(DATA FOR REVIEW begins)

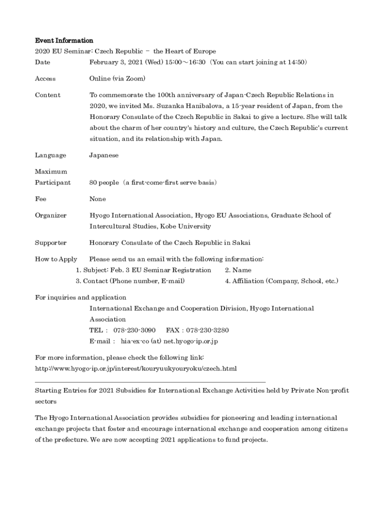 Event Information 2020 EU Seminar: Czech Republic the Heart of Europe Date February 3, 2021 (Wed) 15:0016:30You can start joining at 14:50AccessOnline (via Zoom)Content commemorate the 100th anniversary
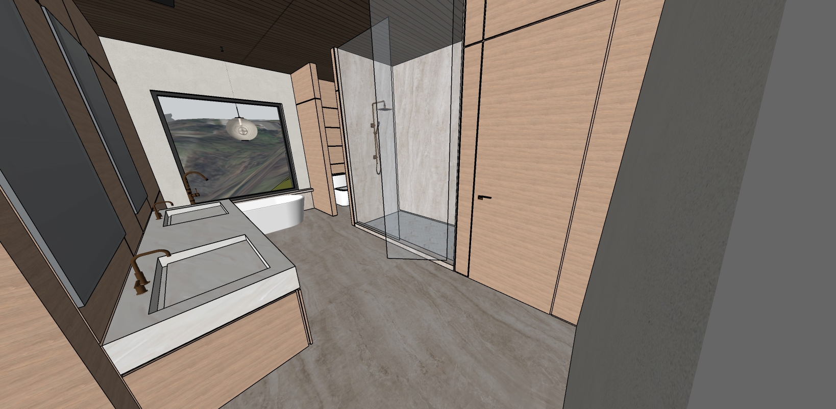 make this render look realistic and dont add any objects in the scene except for a forest outside the window
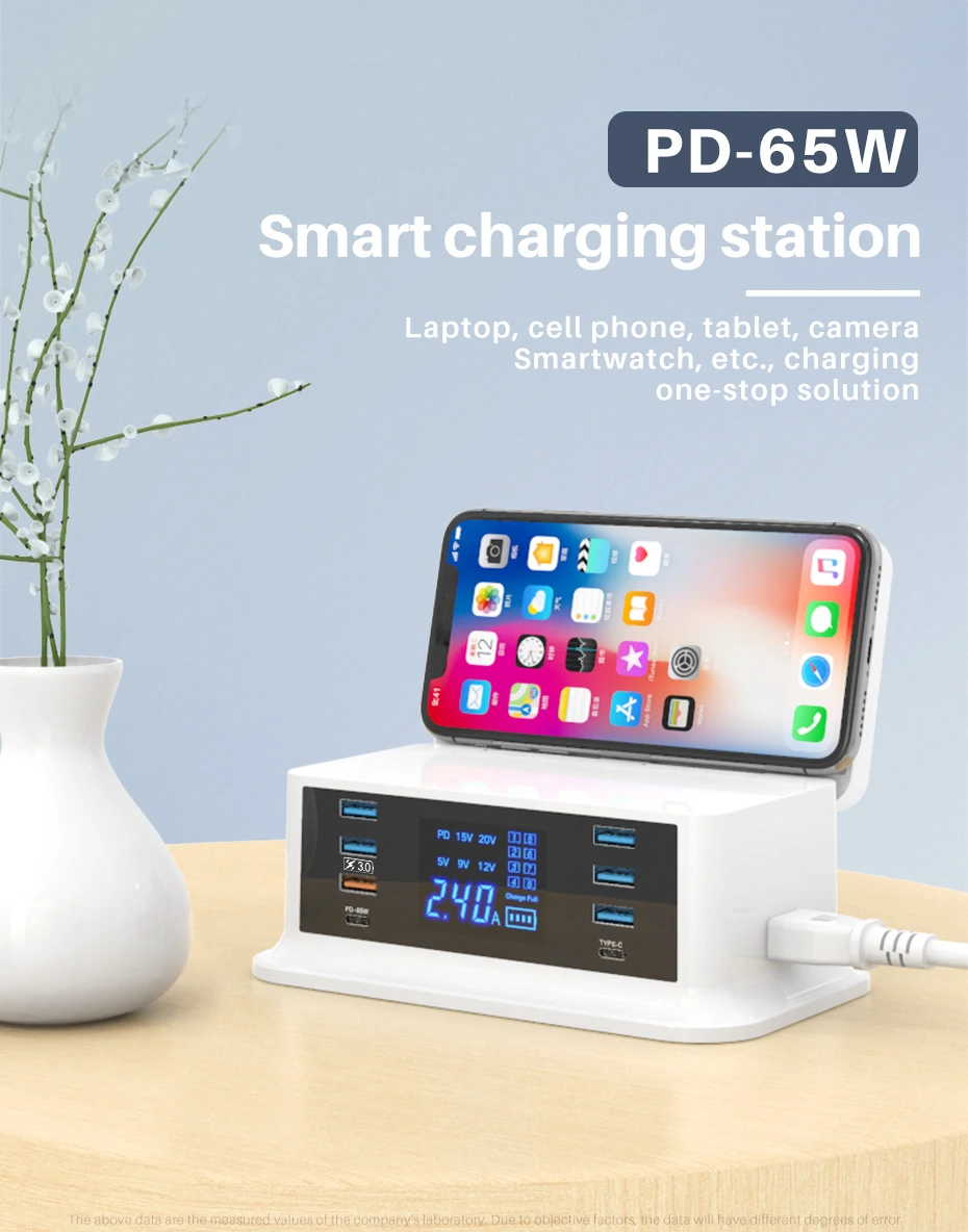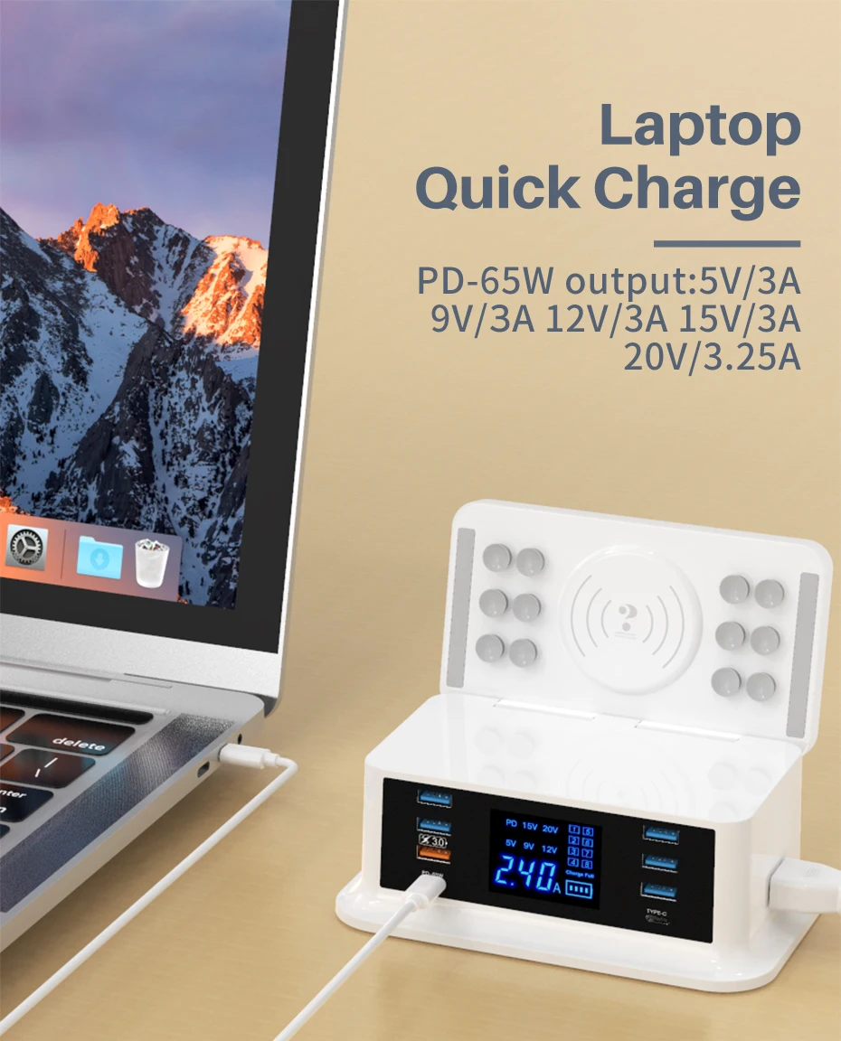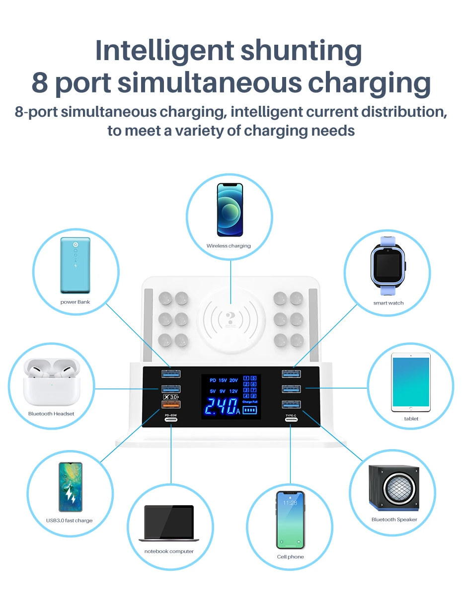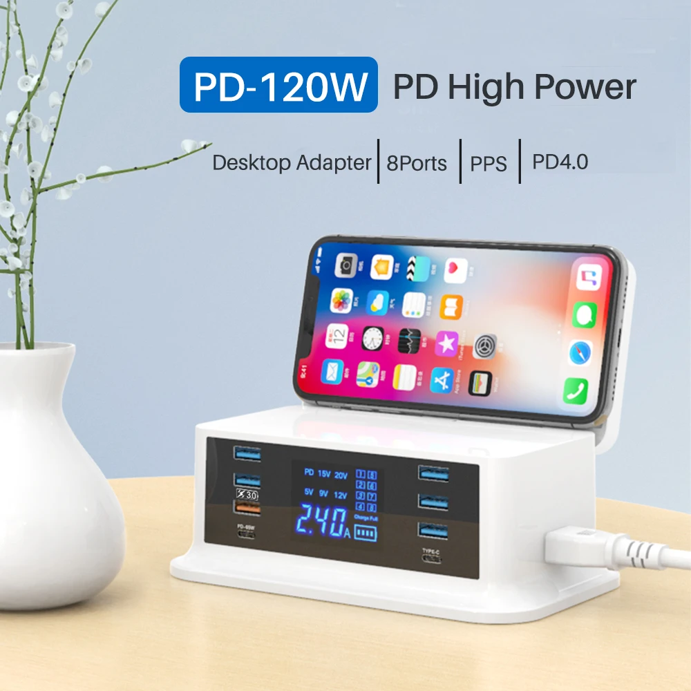 Cargador rápido PD120W tipo c QC3.0 carga rápida hub de 8 puertos para MacBook pro. IPhone Xiaomi Huawei dispositivo digital carga inalámbrica
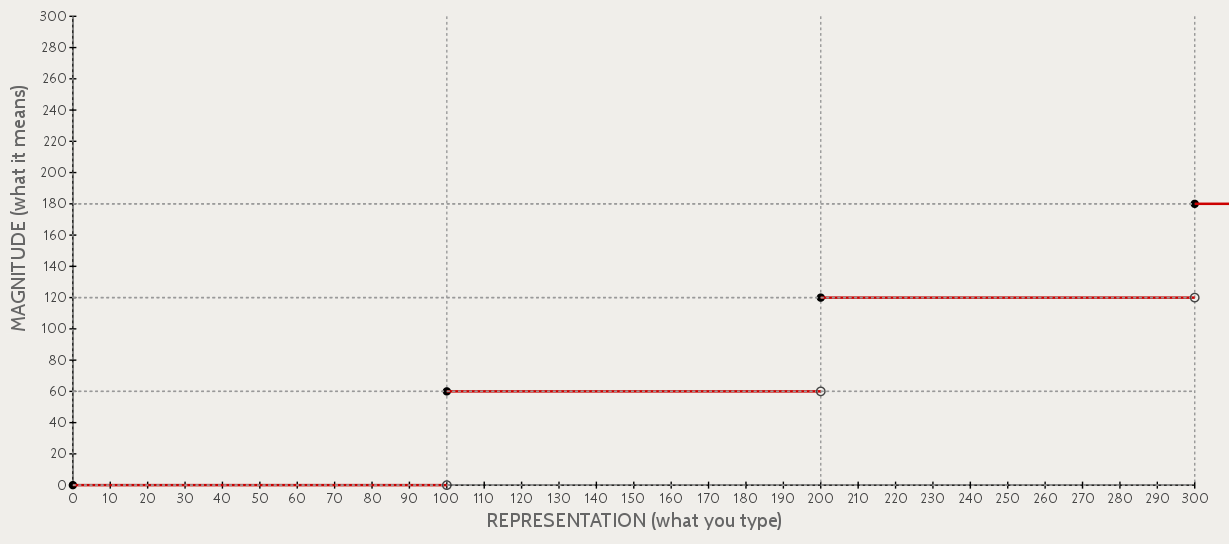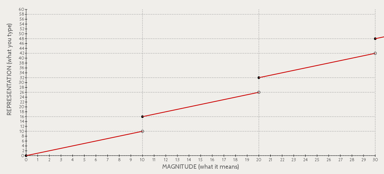 Here is a graph showing how the number you type (REPRESENTATION) in relates to the amount of time the microwave will run (MAGNITUDE). (For simplicity, the graph is drawn as a sequence of continuous lines, even though the function is only defined for integer values.)
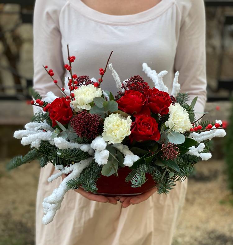 Состав: роза, илекс, берк, скимия, эвкалипт, ель, гвоздика, оазис, ваза. Доставка цветов. Заказать цветы недорого. С любовью к Вам и к цветам, команда Зеленая лиса.
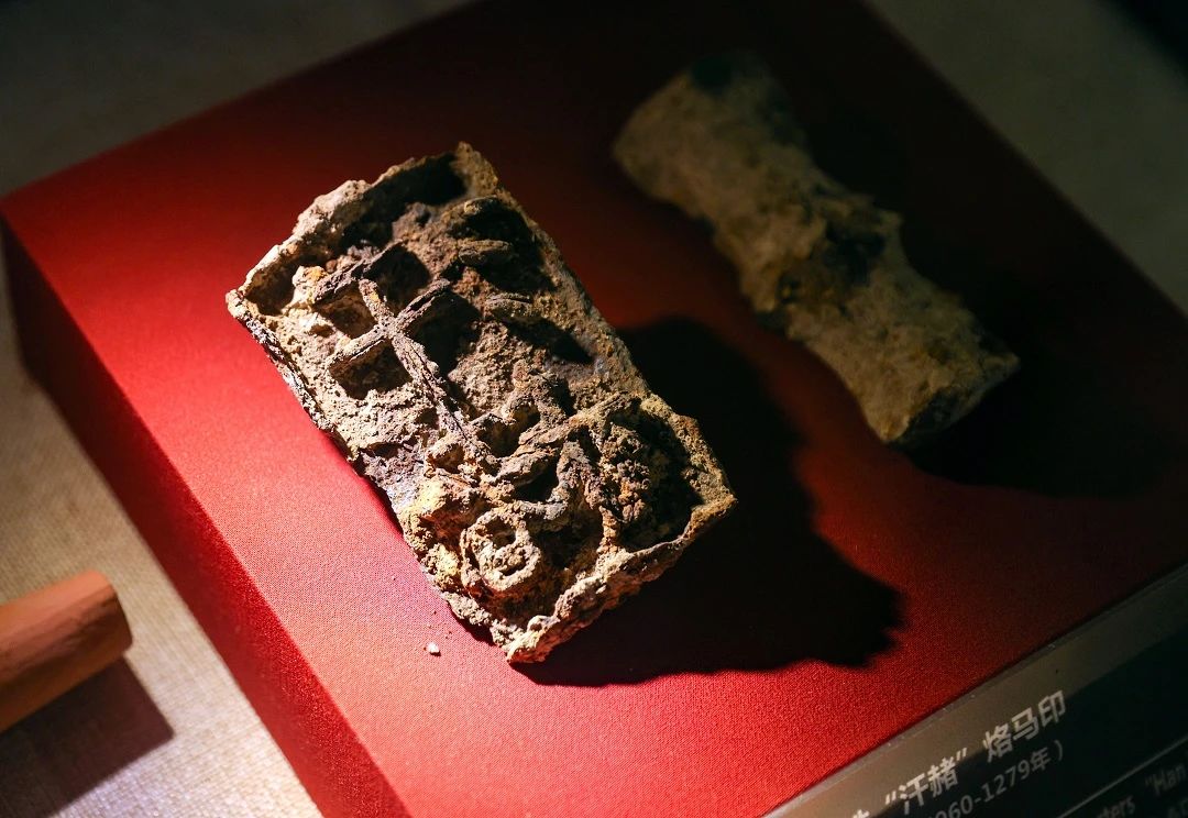 经千年风霜,铁质烙马印品相已显残缺,但宋体楷书“汗赭”二字字迹清晰可辨,成为汗血宝马烙马印的佐证。这方铁印长11.4cm、宽6.7cm、高3.2cm,长方形印面铸有“汗赭”。九游会在线登录官网博物馆文物专家贾麦明告诉记者,“汗”为出汗之意,“赭”为红色之意,正楷宋体字样古朴流畅。“我20多年前一看到这方印,就断定这是专为汗血马臀部烙印的铁印。”
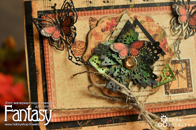 А из под слоев бумаги проглядываются листики, сделанные ножами для вырубки Fantasy листья "Воздушные".
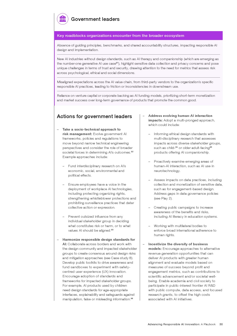 在趋势层面,报告判断,随着代理型AI和跨系统协作加速,负责任AI将从“原则与流程”演进为“技术内嵌型能力”。率先将治理机制、监测工具和人才培养嵌入AI全生命周期的组织,将在未来监管趋严和技术复杂化背景下,获得更高的战略韧性与长期竞争优势。
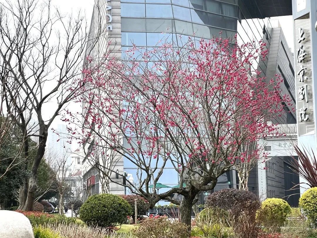 天钥桥路零陵路的梅花悄然开放,为冬日增添了一抹亮丽的色彩,点点红梅疏影横斜,宛如画家手下的工笔画,开得稳重而精致。
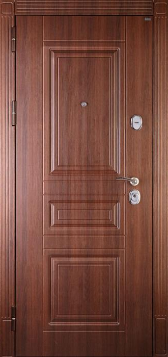 Дверь уличная с терморазрывом в частный дом №44 – отличное решение для коттеджей и частных домов, где важны не только безопасность, но и теплоизоляция. Технология терморазрыва в коробке и полотне эффективно удерживает тепло внутри и предотвращает образование конденсата. Внешняя и внутренняя отделка из панелей МДФ с ПВХ покрытием придают двери современный вид и обеспечивают устойчивость к внешним воздействиям, таким как механические повреждения и изменения температуры. Конструкция из металла толщиной 1,5 мм с усилением профильными трубами 40x25 мм делает дверь прочной и надежной. Шумоизоляция из пенопласта повышенной плотности дополнительно защищает от внешнего шума. Замки Kale Kilit с тремя ригелями обеспечат высокую степень безопасности вашего дома. Дверь уличная с терморазрывом в частный дом №44 от производителя: быстрое изготовление и монтаж в Дмитрове, индивидуальные размеры, широкий выбор материалов и фурнитуры, официальная гарантия до 10 лет.
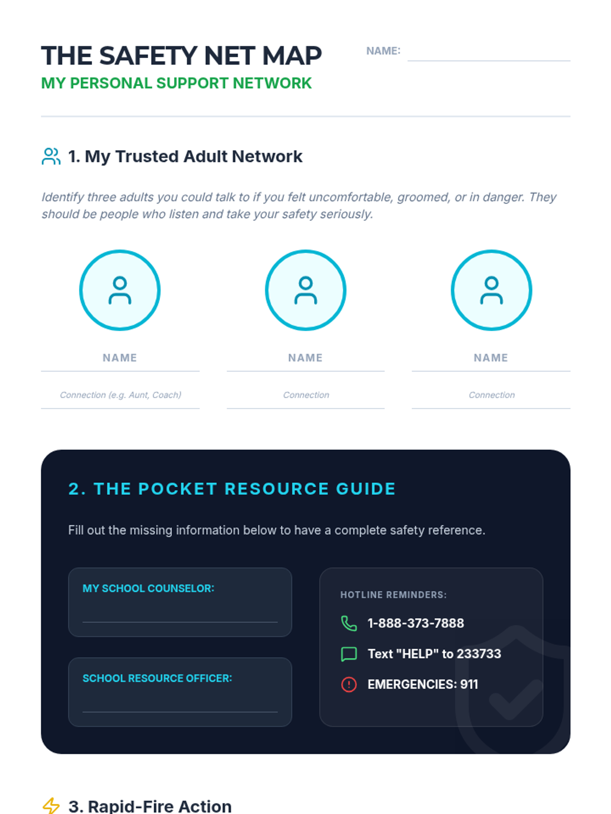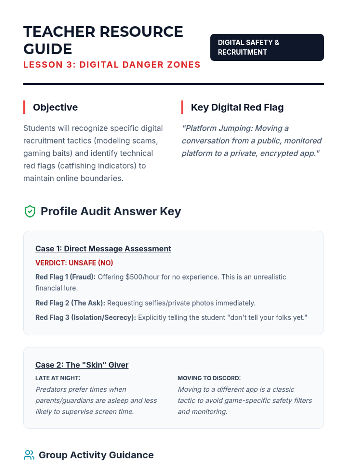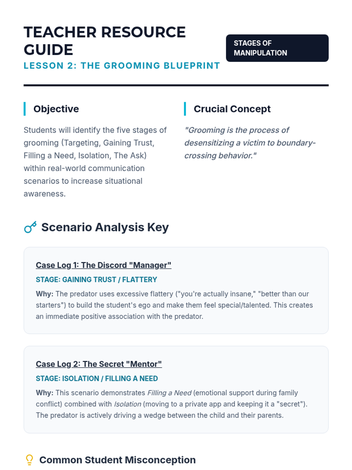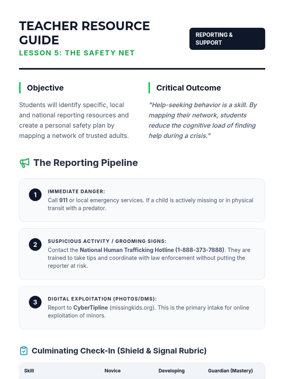 This sequence equips 7th-grade students with the critical thinking skills to recognize and prevent exploitation. It covers the reality of trafficking, the psychological process of grooming, digital recruitment tactics, personal boundaries, and reporting protocols.

(DATA FOR REVIEW ends)

* TASK DESCRIPTION: May I have only the lines from the start of the data through the line containing "Cargador rápido PD120W", both included, reproduced exactly and without the pictures?

* SOLUTION FOR THIS TASK:
 Event Information 2020 EU Seminar: Czech Republic the Heart of Europe Date February 3, 2021 (Wed) 15:0016:30You can start joining at 14:50AccessOnline (via Zoom)Content commemorate the 100th anniversary
 make this render look realistic and dont add any objects in the scene except for a forest outside the window
 Cargador rápido PD120W tipo c QC3.0 carga rápida hub de 8 puertos para MacBook pro. IPhone Xiaomi Huawei dispositivo digital carga inalámbrica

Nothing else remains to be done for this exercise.